Again, pet food manufacturers need to manage their expectations for product timelines, how much risk will be involved in launching the new product, and how much putting it on the shelf will cost, Yamka said. Manufacturers must also avoid scope creep, or stay focused on what specifically they want their pet food to do, and avoid overanalyzing and unnecessary study of the product. At the same time, they must not ignore red flags or be overly frustrated when research doesn’t go as expected.

Commercialization

After product formula is tested and approved, pet food companies must make a final assessment of the product’s ability to succeed on the pet food market. Manufacturers need to consider how quickly they can scale up production, if the product can be consistently produced, if products in the first batch and the hundredth batch have the same nutritional content and if sales orders can be filled before the product hits the market.

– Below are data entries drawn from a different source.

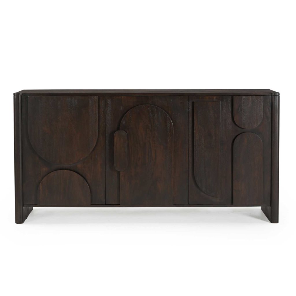Dressoir Zana — modern, karaktervol mangohouten meubel in warm bruin. Organische fronten, ruime opbergruimte achter deuren. Afmetingen: B160 × D40 × H80 cm. Onderhoud: afnemen met lichtvochtige doek. Perfect voor een stijlvolle, praktische woonkamer.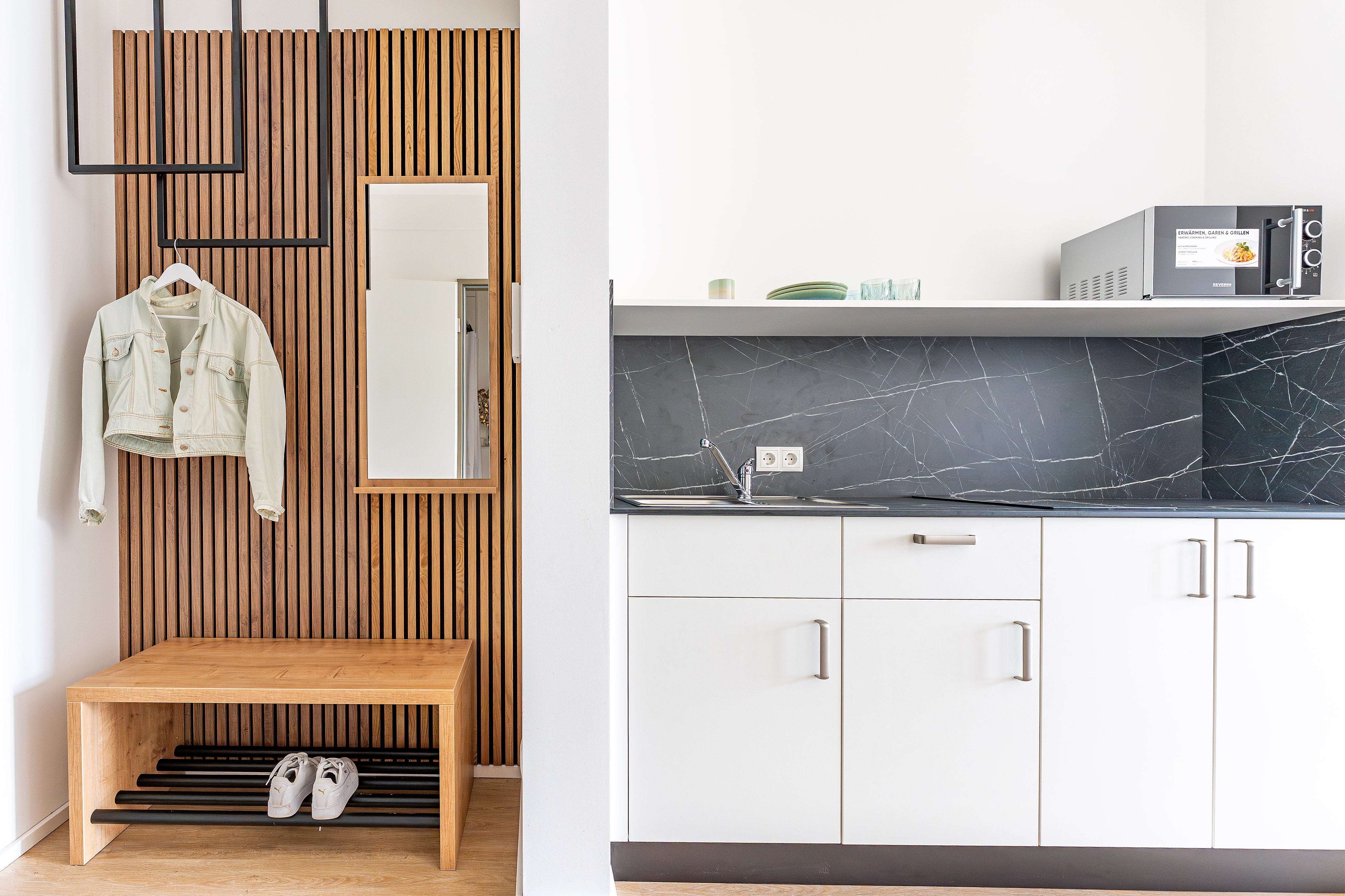 For the student dormitory at the Persiluhr in Straubing, which will offer 68 fully furnished apartments and 5 shared apartments in a modern living space in a central location starting October 2025, the family-run carpentry Seebauer GmbH, which has been in operation for 117 years, took over the majority of the interior construction. This includes the custom-made wardrobes made of oak slats and metal elements from our production, which perfectly complement the contemporary, sustainable, and high-quality ambiance.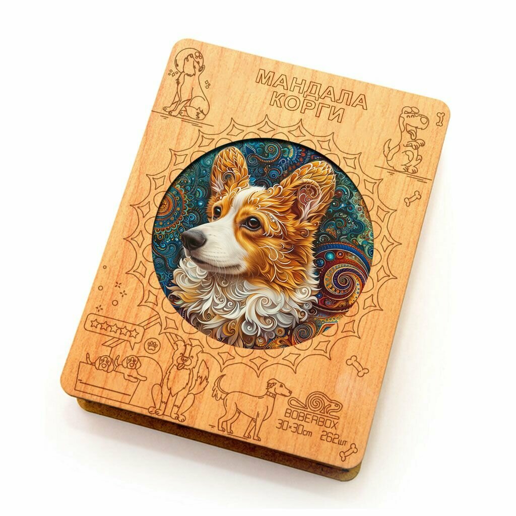 Деревянный пазл BoberBox "Мандала Корги триколор", 262 деталей
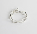 T-BAR BRACELET”925 Silver。 ボリュームの良い35mm幅のT-BARとチェーンが組み合わせられたブレスレット。 しっかりとした重厚感がありながらも、シルバーの上品さを感じられるデザイン。 単体でも存在感がありますが、他のアクセサリーとの重ね付けもおすすめです。 留め具のTバーがアクセントとなり、手元に存在感を与えます。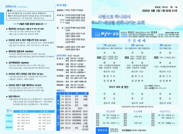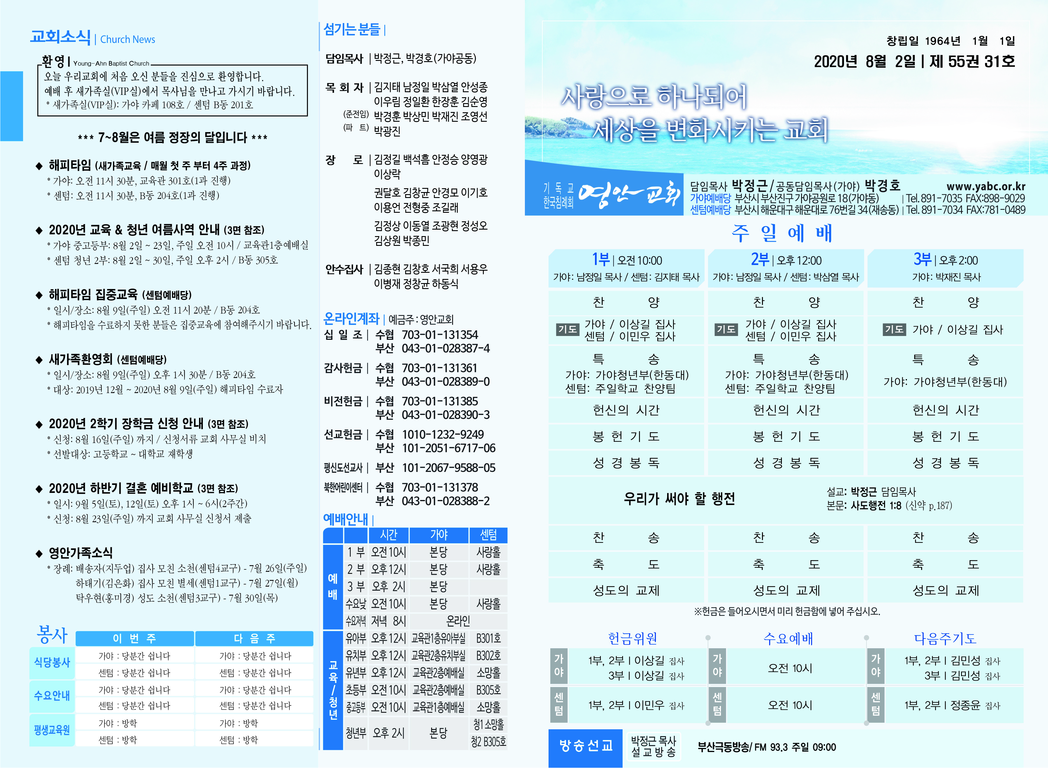 2020년 8월 2일 주보 페이지 정보 작성자 관리지기 작성일20-08-01 11:37 조회7,652회 댓글0건 관련링크 목록 본문 2020년 8월 2일 주보 댓글목록 등록된 댓글이 없습니다. 목록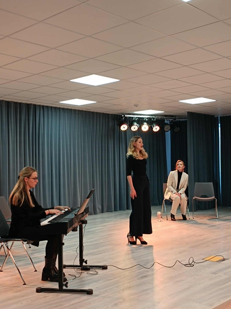 Studentės Emilija ir Deimantė ne tik dalijosi savo patirtimi, bet ir atliko keletą kūrinių, pademonstruodamos skirtingus vokalinius stilius bei interpretacijas.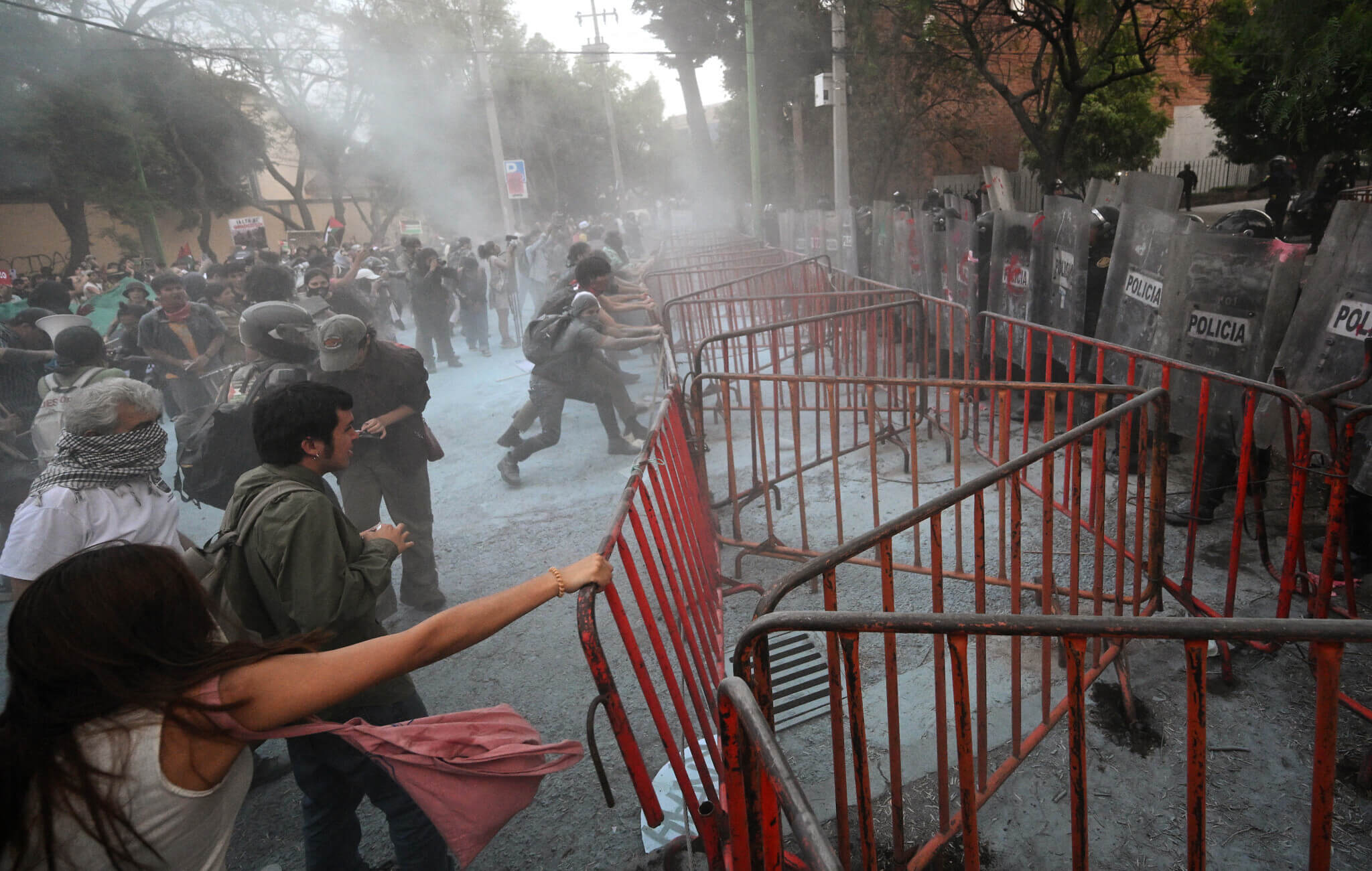 Na terça-feira à noite, os manifestantes, alguns com o rosto coberto, atiraram pedras contra um pelotão de polícias que bloqueava o caminho para o complexo diplomático no bairro de Lomas de Chapultepec.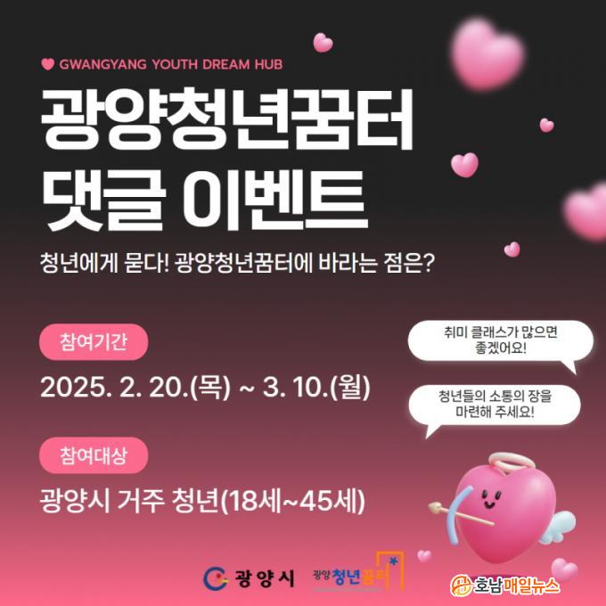 ±¤¾ç½Ã¿¡ °ÅÁÖÇÏ´Â 18¼¼ºÎÅÍ 45¼¼±îÁöÀÇ Ã»³âÀ̶ó¸é ´©±¸³ª À̹ø À̺¥Æ®¿¡ Âü¿©ÇÒ ¼ö ÀÖ´Ù. Âü¿© ¹æ¹ýÀº °£´ÜÇÏ´Ù. ¸ÕÀú ±¤¾çû³â²ÞÅÍ ÀνºÅ¸±×·¥(@gy_youth)À» ÆÈ·Î¿ìÇϰųª ³×À̹ö ºí·Î±×(blog.naver.com/youthcenter_gy)¸¦ ÀÌ¿ô Ãß°¡ÇÑ µÚ, ¡®±¤¾çû³â²ÞÅÍ¿¡ ¹Ù¶ó´Â Á¡¡¯ °Ô½Ã±Û¿¡ Èñ¸Á ÇÁ·Î±×·¥À̳ª û³âÁ¤Ã¥¿¡ ´ëÇÑ ÀǰßÀ» ´ñ±Û·Î ÀÛ¼ºÇÏ¸é µÈ´Ù. ÀÌÈÄ, ÆÈ·Î¿ì ÀÎÁõ°ú ´ñ±Û ÀÛ¼º ȸéÀ» ³×À̹ö ÆûÀ¸·Î Á¦ÃâÇϸé Âü¿©°¡ ¿Ï·áµÈ´Ù.

Yamka said the commercialization phase is fraught with obstacles as well. Issues with ingredient sizes, their ability to blend into a formula and function under large-scale extrusion can hamper manufacturing. Sometimes products don’t have the same quality in large batches as they did in small batches due to manufacturing issues. He warned pet food professionals to ask themselves before launch if the product still fills a niche in the market, if it can be sold at a profit, and if consumers will actually pick their product out of the crowded pet food aisle.

Launch

Now that the product is ready for prime time, the work is not over. Yamka said pet food manufacturers need to focus on four key factors: consumer education, shelf space at retailers, product marketing, and what the product’s long-term future looks like. Consumers must be educated on why the product is different from competitors and how it works. The correct retailer must be identified. The correct marketing channel – meetings, trade shows, digital or print advertising – must be identified and a strategy must be in place to keep the product relevant over the long term.

Yamka said pet food companies need to ask themselves who they are communicating with – pet owners, veterinarians or retailers – and how they are promoting their product. There is no greater waste of resources, he said, than spending time and effort putting a product on a shelf only to see it go unsold. Pet food companies must also consider their product’s place in the market over the long term and how long the product will stay relevant to consumers. To maximize a product’s life cycle, a strategy must be in place to keep the product relevant for years to come.